Dataset excerpt:
[Start of Attachment]
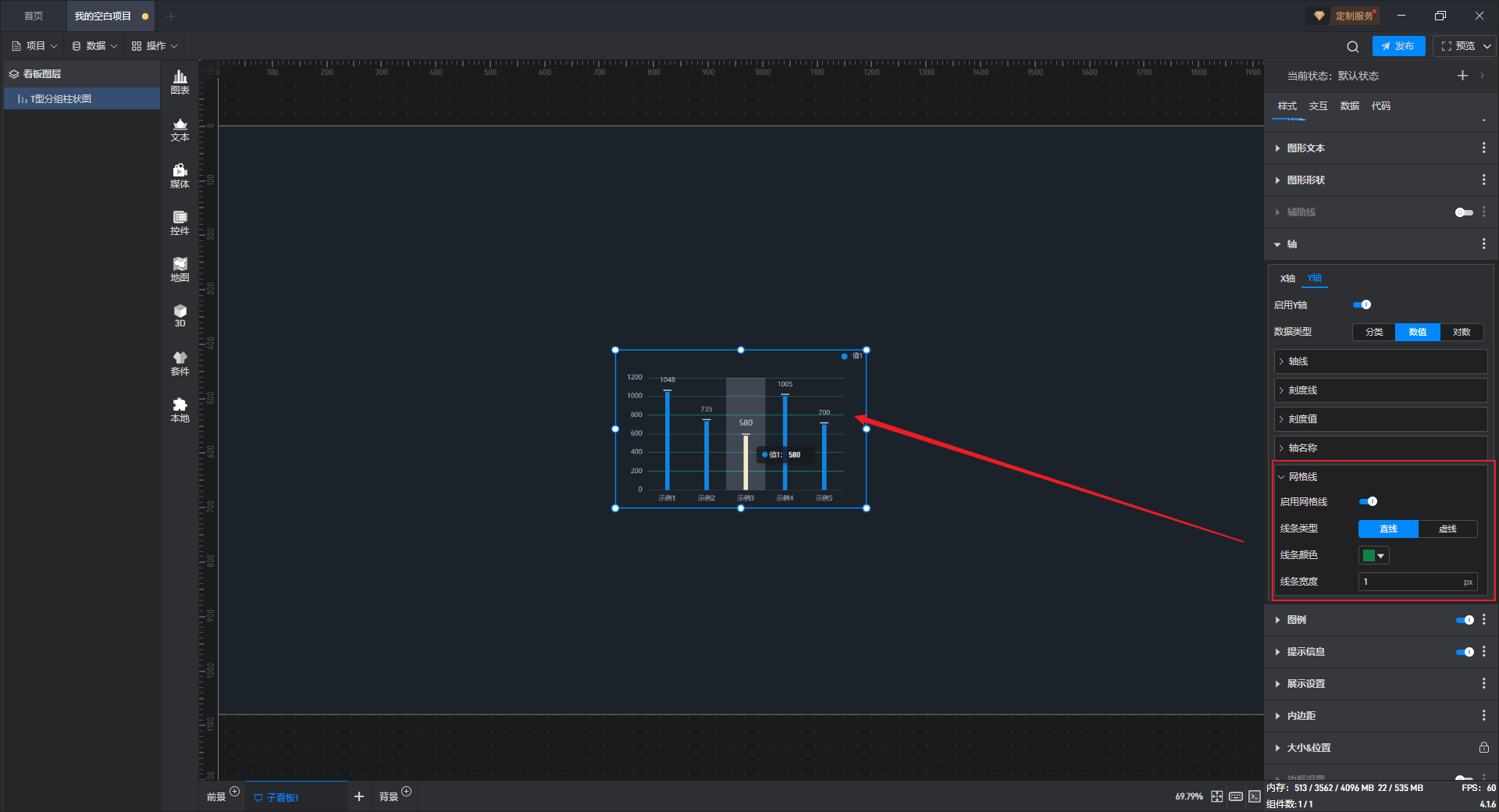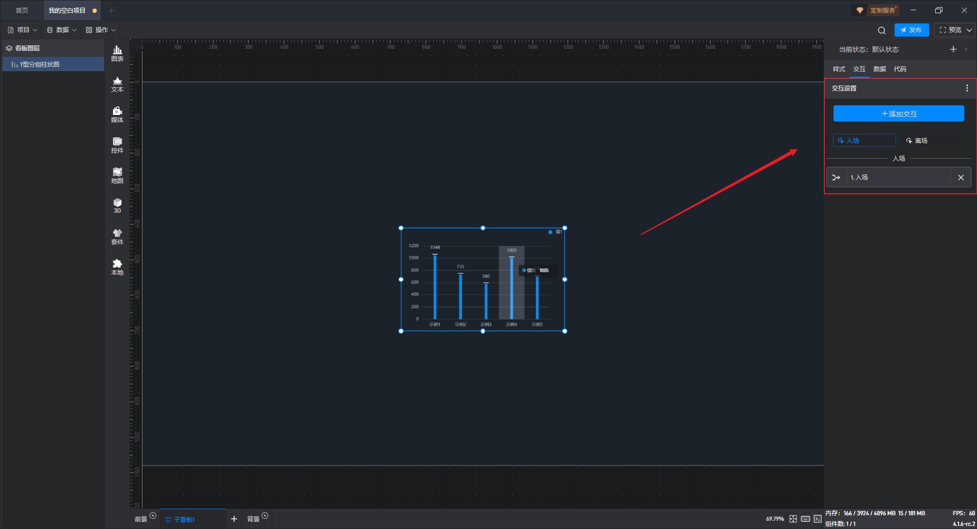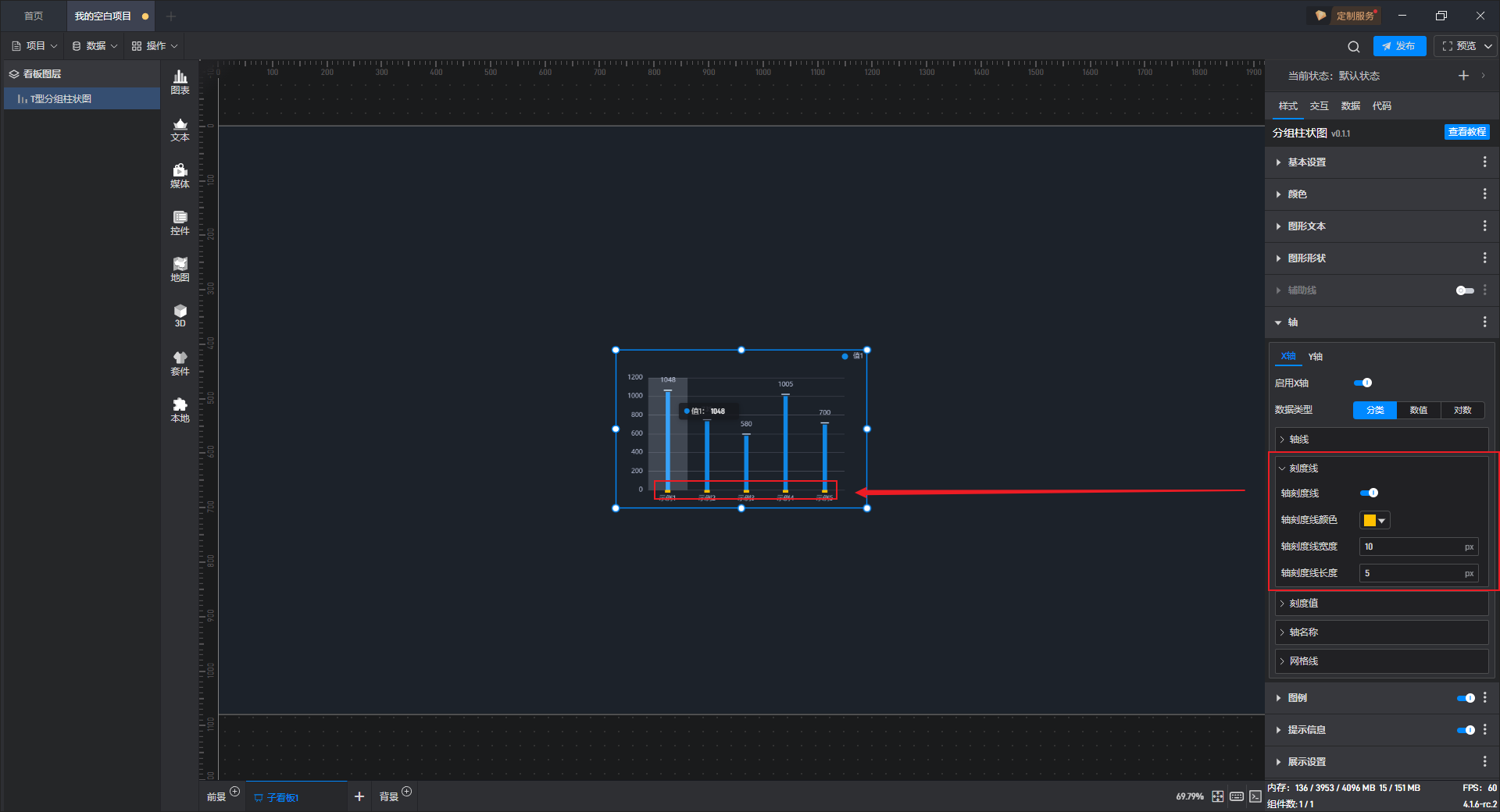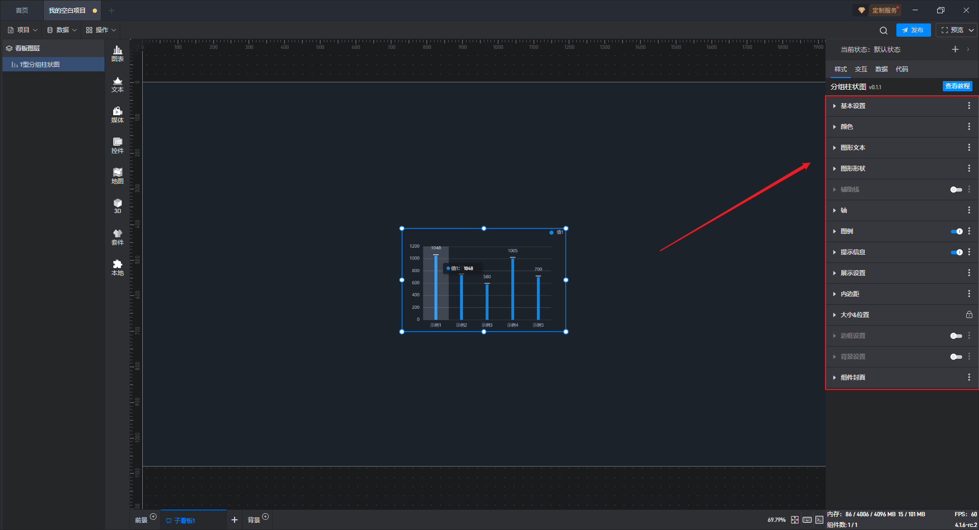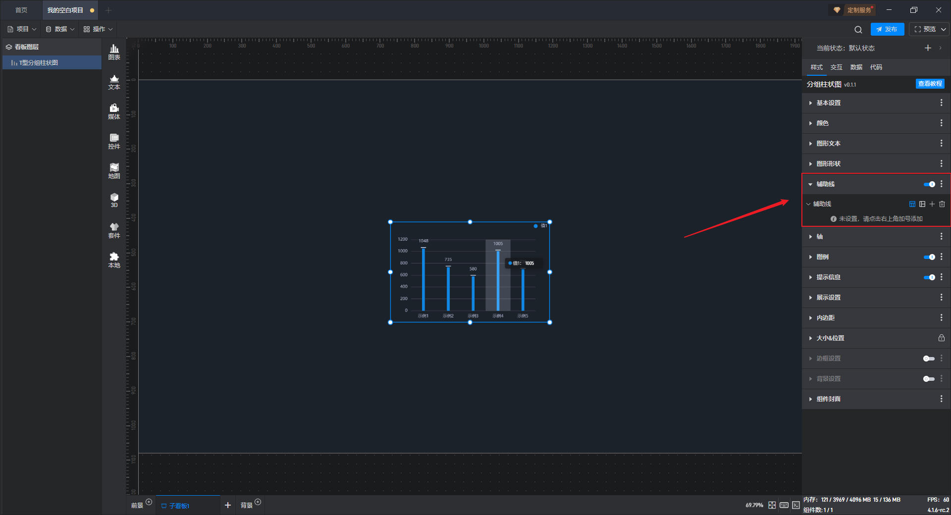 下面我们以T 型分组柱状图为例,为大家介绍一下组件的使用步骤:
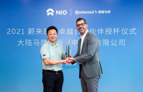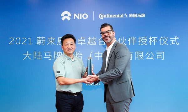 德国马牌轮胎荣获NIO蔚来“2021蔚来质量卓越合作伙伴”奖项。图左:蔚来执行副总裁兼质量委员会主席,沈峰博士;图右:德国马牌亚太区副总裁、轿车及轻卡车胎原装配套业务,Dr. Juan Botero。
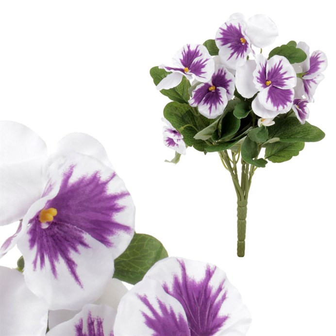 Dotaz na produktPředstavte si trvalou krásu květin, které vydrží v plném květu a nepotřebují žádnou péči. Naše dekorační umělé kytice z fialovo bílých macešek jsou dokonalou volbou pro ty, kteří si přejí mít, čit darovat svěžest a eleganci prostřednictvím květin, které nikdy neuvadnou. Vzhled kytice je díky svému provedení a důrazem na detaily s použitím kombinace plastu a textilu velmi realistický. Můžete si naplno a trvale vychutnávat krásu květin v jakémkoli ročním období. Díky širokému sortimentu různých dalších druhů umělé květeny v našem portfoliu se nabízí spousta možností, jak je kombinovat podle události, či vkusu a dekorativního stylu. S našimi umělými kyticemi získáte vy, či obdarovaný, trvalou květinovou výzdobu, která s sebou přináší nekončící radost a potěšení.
[End of Attachment]
Without the pictures, give every line above again exactly.

 下面我们以T 型分组柱状图为例,为大家介绍一下组件的使用步骤:
 德国马牌轮胎荣获NIO蔚来“2021蔚来质量卓越合作伙伴”奖项。图左:蔚来执行副总裁兼质量委员会主席,沈峰博士;图右:德国马牌亚太区副总裁、轿车及轻卡车胎原装配套业务,Dr. Juan Botero。
 Dotaz na produktPředstavte si trvalou krásu květin, které vydrží v plném květu a nepotřebují žádnou péči. Naše dekorační umělé kytice z fialovo bílých macešek jsou dokonalou volbou pro ty, kteří si přejí mít, čit darovat svěžest a eleganci prostřednictvím květin, které nikdy neuvadnou. Vzhled kytice je díky svému provedení a důrazem na detaily s použitím kombinace plastu a textilu velmi realistický. Můžete si naplno a trvale vychutnávat krásu květin v jakémkoli ročním období. Díky širokému sortimentu různých dalších druhů umělé květeny v našem portfoliu se nabízí spousta možností, jak je kombinovat podle události, či vkusu a dekorativního stylu. S našimi umělými kyticemi získáte vy, či obdarovaný, trvalou květinovou výzdobu, která s sebou přináší nekončící radost a potěšení.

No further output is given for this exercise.